Folgende Punkte sind verbesserungsfähig bzw. -bedürftig:

  • Das unter 0.1.3 auf Verlangen der MEAG vorzulegende Wirtschaftsprüfertestat für die Angaben des Einspeisers ist unannehmbar und sollte ersatzlos gestrichen werden.

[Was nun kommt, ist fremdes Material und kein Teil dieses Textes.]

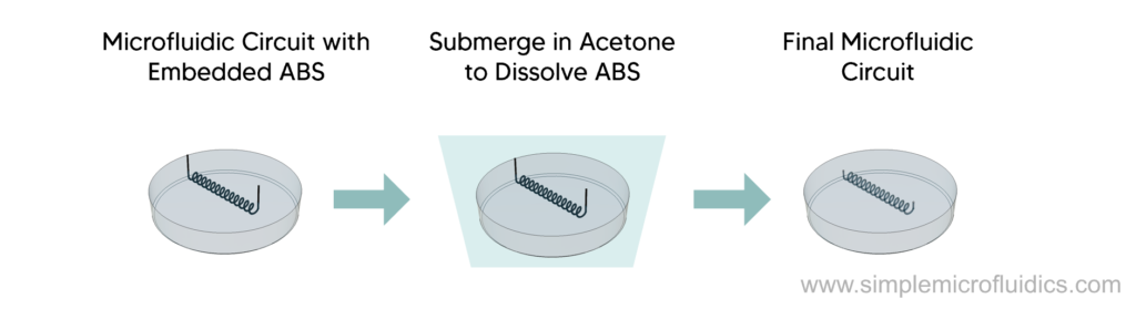 Once the resin cures, you can submerge it in acetone overnight to dissolve the ABS, leaving you with the final microfluidic circuit.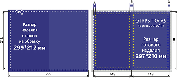 Размер открытки с припусками на обрез 299x212 мм (т.е. по 1 мм с каждого края);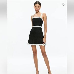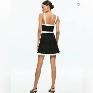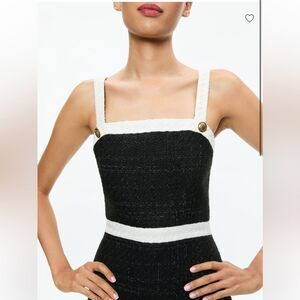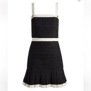 Size 10. New with extra button. This black and white mini dress gets all the details right: The retro square neckline, the pleating, the tweed fabric and the flattering fit. We love it with every type of shoe from ballet flats to sandals and beyond.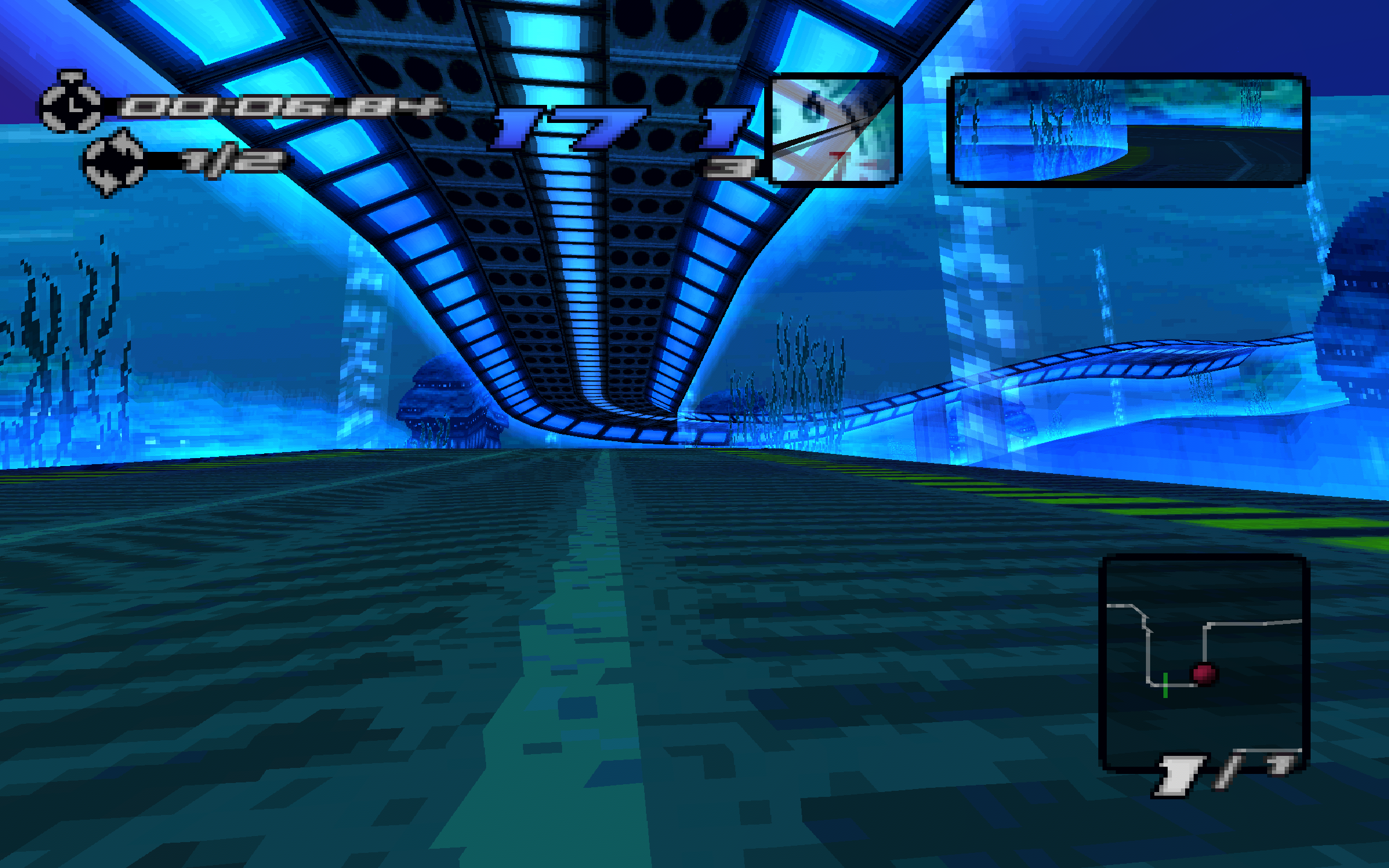 MNBEAM, a race on some kind of futuristic space station. Also, one of the better tracks, even if a bit unfair at places.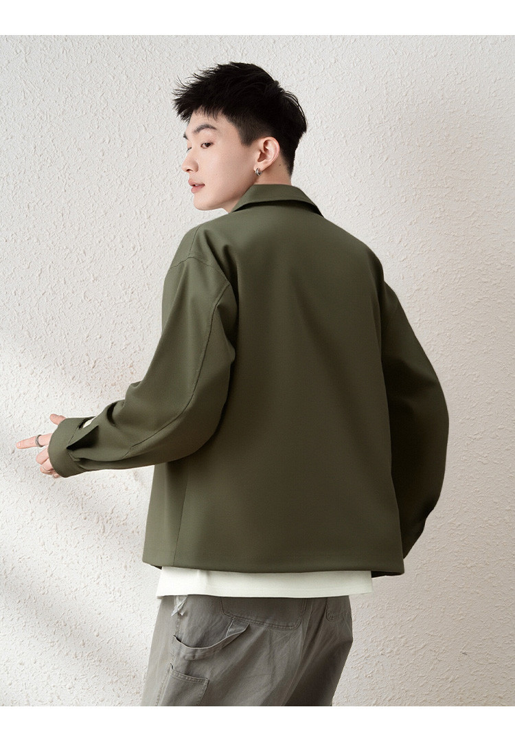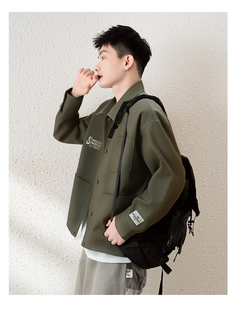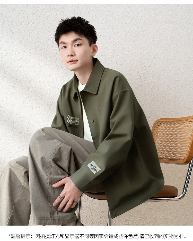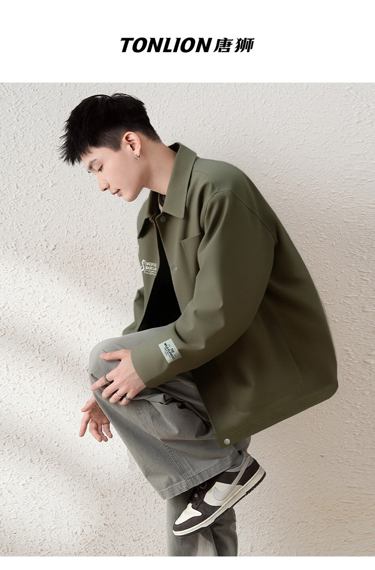 唐狮2026秋季外套男款翻领精致刺绣短款外套复古休闲薄款百搭时尚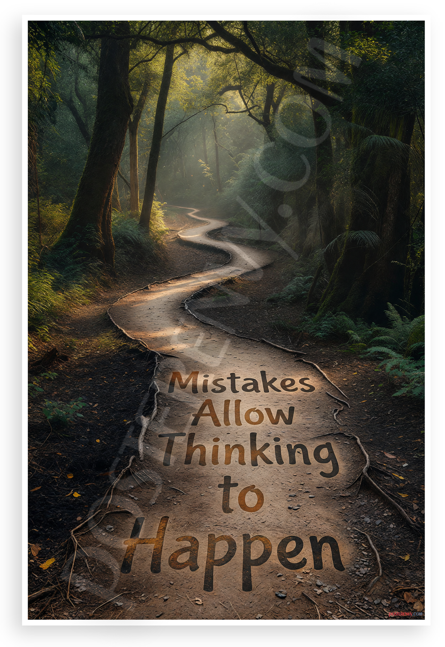 This 12x18 inch poster is printed on premium, durable paper. Proudly Made in the USA by PosterEnvy. The perfect size for any room. PosterEnvy is a family owned business, delivering top-notch posters around the world for over 20 years. Our posters are designed to last — they won't fade or pucker for years of enjoyment. Every poster features crisp, vivid artwork. We are a solar powered company. This motivational design showcases a winding path through a lush green forest bathed in soft sunlight, with the empowering quote 'Mistakes Allow Thinking to Happen' integrated into the trail, evoking growth and exploration.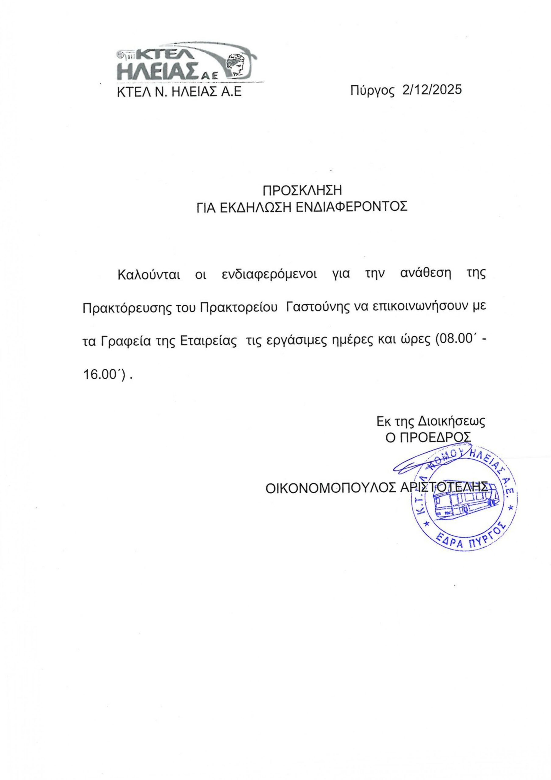 ΠΡΑΚΤΟΡΕΙΟ ΓΑΣΤΟΥΝΗΣ – ΕΚΔΗΛΩΣΗ ΕΝΔΙΑΦΕΡΟΝΤΟΣ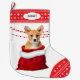 The front of this Holiday stocking shows an image of an adorable Corgi puppy peeking out of a red and white Santa style gift bag. Behind the dog is a red beaded garland. The toe and top border are a red and white snowflake pattern. On the top border is a white label with your custom text in dark grey. The back of the stocking is the same red and white snowflake pattern.

  • Unter Punkt 0.1.5 wird der Abschluss eines Netzanschlussvertrages / Hausanschlussvertrages als Voraussetzung für die Wirksamkeit des Einspeisevertrages verlangt. Ein solcher Vertrag ist immer dann notwendig, wenn ein Gebäude erstmalig mit dem Stromnetz verbunden wird. Insofern dürfte ein solcher Vertrag ohnehin bereits vorliegen. Wird die Solarstromanlage dagegen auf einem noch nicht an das Netz angeschlossenen Bauwerk, beispielsweise einer Scheune, installiert, ist ein neuer Netz- bzw. Hausanschlussvertrag notwendig, der eine Überprüfung der elektrischen Gegebenheiten (beispielsweise das Vorliegen eines Erdschlusses o.ä.) auf der Kundenseite beinhaltet. Für diese Überprüfung darf der Netzbetreiber auch eine Gebühr verlangen. Vor Unterzeichnung des Einspeisevertrages sollte jedoch geklärt werden, ob ein neuer Netz- bzw. Hausanschlussvertrag abgeschlossen werden muss, und wie die Konditionen sind.
  • Gestrichen werden sollte zudem der 1. Absatz auf Seite 3 (unter Punkt 0.2), der lediglich den Gesetzestext wiederholt und mit dem konkreten Vertrag nichts zu tun hat.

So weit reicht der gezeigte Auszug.